For one falsely hopeful moment he hoped that the rain would have washed the blood-letters away … but then he remembered how efficient von Aargau’s organization was when it came to dealing with blood.
Where had Josephine said she lived? St. Paul’s Home—that was in the Via Palestro. Crawford knew the place, for it was where the hospital hired most of its nurses. It was at the east end of the city, more than twice as far away from here as Keats’s place.
The jets of water from the fountain’s mechanism were being torn to bits by the hammering rain as he climbed out onto the pavement again, and he had to squint to see as he began running, miserably, east.

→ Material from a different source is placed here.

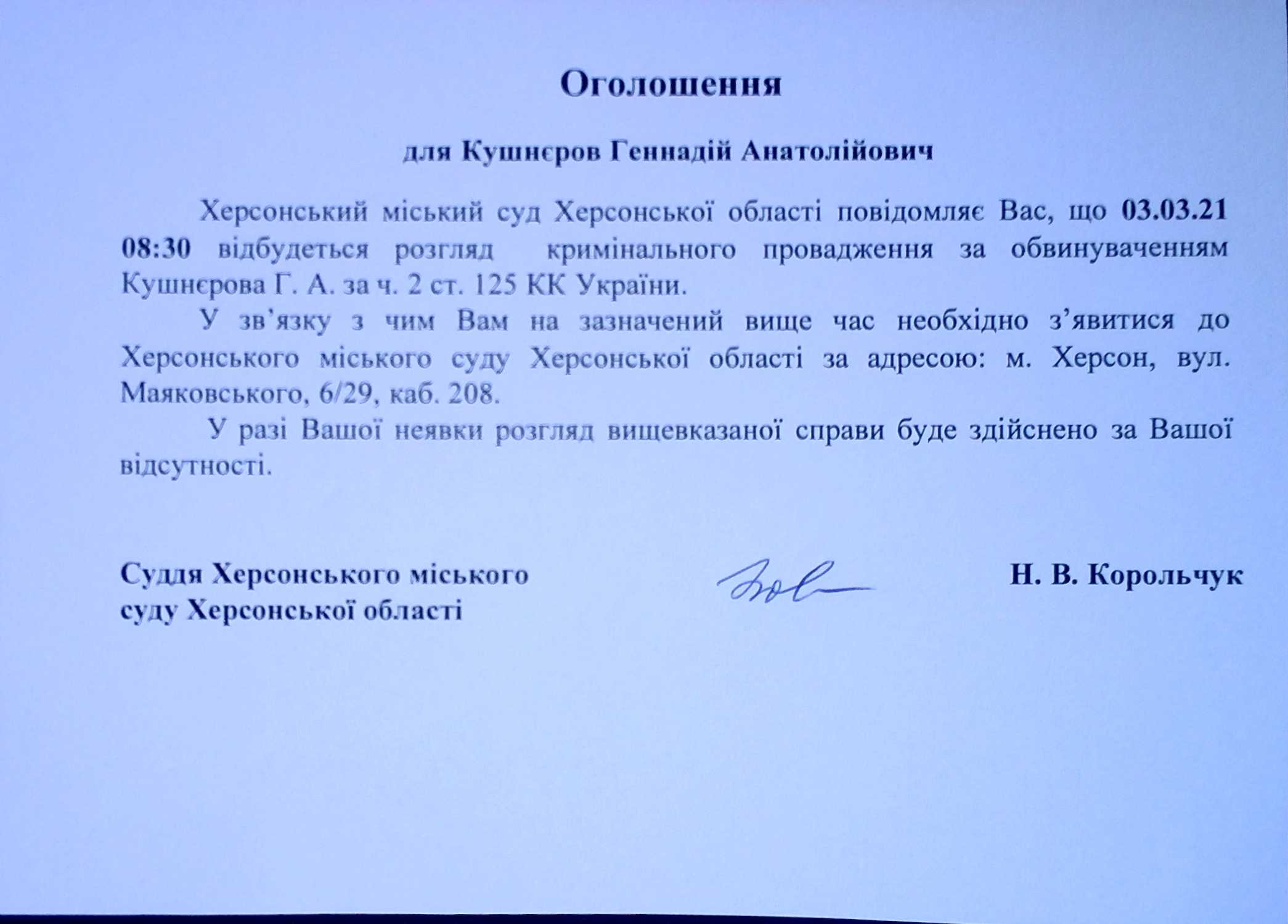 ОГОЛОШЕННЯ для Кушнєрова Геннадія Анатолійовича

As he jolted along through the rain he thought about this last case von Aargau had assigned him. Every previous pseudo-consumption patient had been a powerful pro-Austrian politician or writer; why should von Aargau want to save Keats, an obscure poet whose political sympathies, assuming he had any at all, were probably more in line with the Carbonari’s? In fact, how had von Aargau even come to hear of Keats? Lots of tubercular patients came to Rome hoping to stave off death.
It made no sense … unless von Aargau—through his employee, Crawford—was representing the only figure in the conflict who was being thwarted: the lamia herself. And of course the lamia would just as soon see Josephine dead, since Josephine was abetting Keats in his resistance to the lamia’s will.

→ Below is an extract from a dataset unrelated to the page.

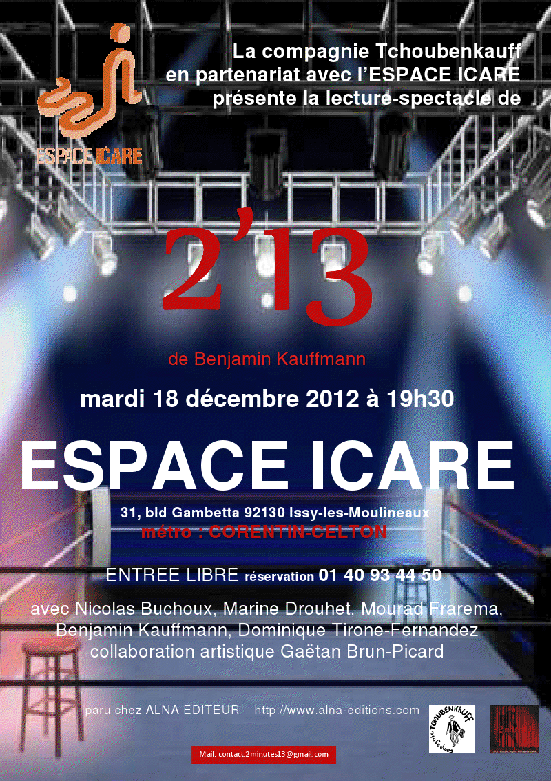 De la boxe au théâtre il n’y a qu’un pas. C’est le challenge que s’est fixé l’association 2minutes13. Mardi 18 décembre à 19h30 à l’espace Icare d’Issy-les-Moulineaux, elle vous propose une lecture spectacle du projet 2minutes13 de Benjamin Kauffman.

The thought brought Crawford to a wheezing stop in a narrow street, and he leaned against a lamppost to catch his breath and order his thoughts.
Had he been working for the nephelim cause, these two years? It seemed unlikely, since in every one of von Aargau’s cases, except that of Keats, he’d been insulating the patient from a vampire; but of course von Aargau had never prescribed any measures that would free a victim from a vampire—just … hold it at arm’s length for a while.
And Keats, Crawford reminded himself, is a member of the nephelim family. For that matter, so was I. I wonder if, considering the nature of the work von Aargau has been giving me, that fact could have been a factor in von Aargau’s hiring me. Am I still, in some sense, a member of the family?
It would explain why von Aargau needed me, specifically; the nephelim would have no scruples about stopping a nonmember who dared to obstruct them.
Abruptly Crawford wondered if von Aargau’s canal-side duel had been staged for his benefit, so that apparent gratitude would conceal the real reason von Aargau had been so insistent about hiring him.
That cut in his belly was real, though, Crawford thought. What kind of man could inflict that kind of wound on himself intentionally … and then heal so rapidly and totally?